Raw data:
● ● ● ●
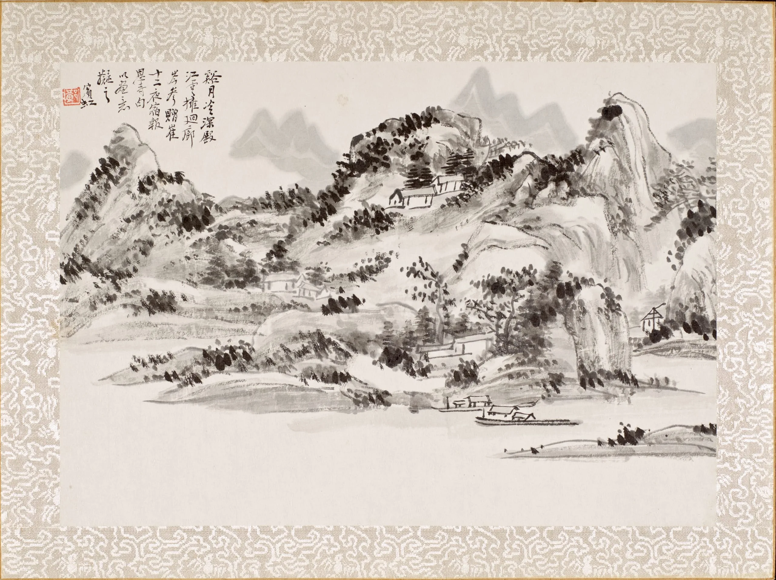 Ink and wash landscape painting on cream paper, mounted on silk, showing mountains, tree-covered hills, small buildings, and boats on still water, with Chinese inscription and red seal in upper left
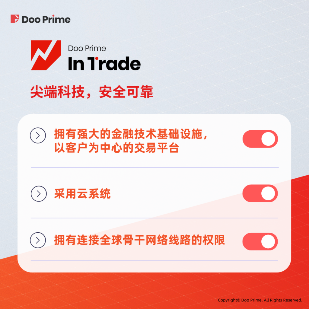 Doo Prime InTrade 由 Doo Prime 联合 FinPoints 共同研发 ,拥有强大的金融技术基础设施。Doo Prime InTrade PC 端和移动端均采用了云端和顶级网络技术,交易平台同时拥有连接全球骨干网络线路的权限,为用户提供了可信赖的稳定交易环境。
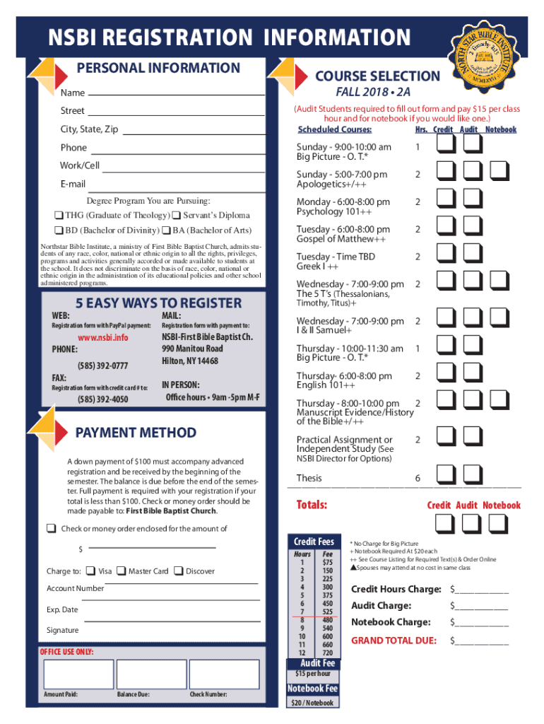 SBI REGISTRATION INFORMATION PERSONAL INFORMATIONCOURSE SELECTION FALL 2018 2AName(Audit Students required to fill out form and pay $15 per class hour and for notebook if you would like one.) Scheduled
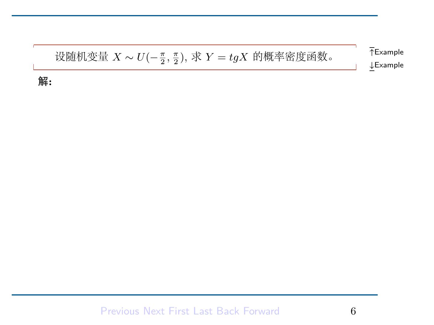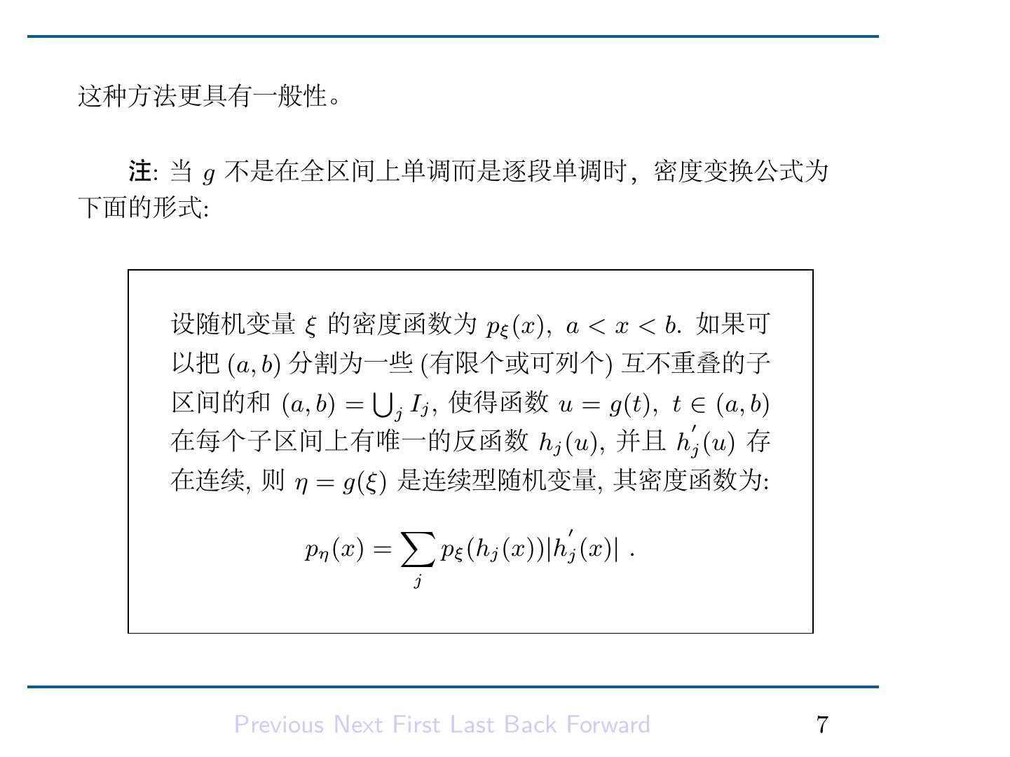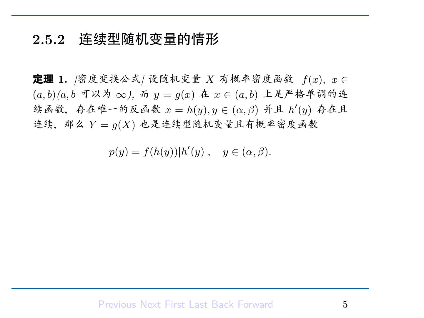 7 .2.5.2 连续型随机变量的情形 定理 1. [密度变换公式] 设随机变量 X 有概率密度函数 f (x), x ∈ (a, b)(a, b 可以为 ∞), 而 y = g(x) 在 x ∈ (a, b) 上是严格单调的连 续函数,存在唯一的反函数 x = h(y), y ∈ (α, β) 并且 h′ (y) 存在且 连续,那么 Y = g(X) 也是连续型随机变量且有概率密度函数 p(y) = f (h(y))|h′ (y)|, y ∈ (α, β). Previous Next First Last Back Forward 5
● ● ● ●
Your assignment: Give back the whole of the material exactly, with the pictures removed.

Result of this exercise:
 Ink and wash landscape painting on cream paper, mounted on silk, showing mountains, tree-covered hills, small buildings, and boats on still water, with Chinese inscription and red seal in upper left
 Doo Prime InTrade 由 Doo Prime 联合 FinPoints 共同研发 ,拥有强大的金融技术基础设施。Doo Prime InTrade PC 端和移动端均采用了云端和顶级网络技术,交易平台同时拥有连接全球骨干网络线路的权限,为用户提供了可信赖的稳定交易环境。
 SBI REGISTRATION INFORMATION PERSONAL INFORMATIONCOURSE SELECTION FALL 2018 2AName(Audit Students required to fill out form and pay $15 per class hour and for notebook if you would like one.) Scheduled
 7 .2.5.2 连续型随机变量的情形 定理 1. [密度变换公式] 设随机变量 X 有概率密度函数 f (x), x ∈ (a, b)(a, b 可以为 ∞), 而 y = g(x) 在 x ∈ (a, b) 上是严格单调的连 续函数,存在唯一的反函数 x = h(y), y ∈ (α, β) 并且 h′ (y) 存在且 连续,那么 Y = g(X) 也是连续型随机变量且有概率密度函数 p(y) = f (h(y))|h′ (y)|, y ∈ (α, β). Previous Next First Last Back Forward 5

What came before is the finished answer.